The line containing "短距離なので出遅れ即終了…は" marks the end: output every line of the data up to it, and that line too, exactly as written.

Available data:
──────────────────────────────

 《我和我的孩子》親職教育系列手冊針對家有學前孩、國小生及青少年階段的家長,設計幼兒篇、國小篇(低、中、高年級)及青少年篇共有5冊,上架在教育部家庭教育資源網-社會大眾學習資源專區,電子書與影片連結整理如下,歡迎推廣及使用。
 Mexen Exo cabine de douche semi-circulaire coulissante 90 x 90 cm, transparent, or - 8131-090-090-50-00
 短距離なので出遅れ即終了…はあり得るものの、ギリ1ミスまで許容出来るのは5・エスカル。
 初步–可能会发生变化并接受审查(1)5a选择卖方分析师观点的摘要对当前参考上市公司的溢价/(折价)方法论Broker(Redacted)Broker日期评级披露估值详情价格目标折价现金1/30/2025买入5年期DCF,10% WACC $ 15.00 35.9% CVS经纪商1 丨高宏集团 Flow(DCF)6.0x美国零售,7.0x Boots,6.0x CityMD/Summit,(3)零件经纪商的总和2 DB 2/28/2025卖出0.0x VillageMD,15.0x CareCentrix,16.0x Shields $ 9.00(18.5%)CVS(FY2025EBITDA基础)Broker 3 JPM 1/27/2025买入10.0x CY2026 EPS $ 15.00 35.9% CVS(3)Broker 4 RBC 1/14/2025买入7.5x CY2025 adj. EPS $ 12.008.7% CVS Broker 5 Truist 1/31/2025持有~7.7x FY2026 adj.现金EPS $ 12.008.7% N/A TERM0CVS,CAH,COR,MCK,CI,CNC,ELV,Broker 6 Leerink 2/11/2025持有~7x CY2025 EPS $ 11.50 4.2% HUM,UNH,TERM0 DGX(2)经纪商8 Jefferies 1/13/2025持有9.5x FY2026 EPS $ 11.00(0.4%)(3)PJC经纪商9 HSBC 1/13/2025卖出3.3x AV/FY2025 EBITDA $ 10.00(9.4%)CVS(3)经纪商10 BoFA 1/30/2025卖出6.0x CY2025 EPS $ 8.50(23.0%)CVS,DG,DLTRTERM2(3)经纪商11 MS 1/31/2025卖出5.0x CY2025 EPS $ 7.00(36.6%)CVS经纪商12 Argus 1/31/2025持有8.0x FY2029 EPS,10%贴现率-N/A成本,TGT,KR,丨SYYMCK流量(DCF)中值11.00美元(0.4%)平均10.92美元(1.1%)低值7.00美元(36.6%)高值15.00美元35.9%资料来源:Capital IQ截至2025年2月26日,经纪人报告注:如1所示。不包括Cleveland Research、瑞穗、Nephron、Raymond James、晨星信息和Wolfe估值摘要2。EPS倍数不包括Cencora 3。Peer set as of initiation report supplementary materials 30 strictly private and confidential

──────────────────────────────

Reply to the exercise:
 《我和我的孩子》親職教育系列手冊針對家有學前孩、國小生及青少年階段的家長,設計幼兒篇、國小篇(低、中、高年級)及青少年篇共有5冊,上架在教育部家庭教育資源網-社會大眾學習資源專區,電子書與影片連結整理如下,歡迎推廣及使用。
 Mexen Exo cabine de douche semi-circulaire coulissante 90 x 90 cm, transparent, or - 8131-090-090-50-00
 短距離なので出遅れ即終了…はあり得るものの、ギリ1ミスまで許容出来るのは5・エスカル。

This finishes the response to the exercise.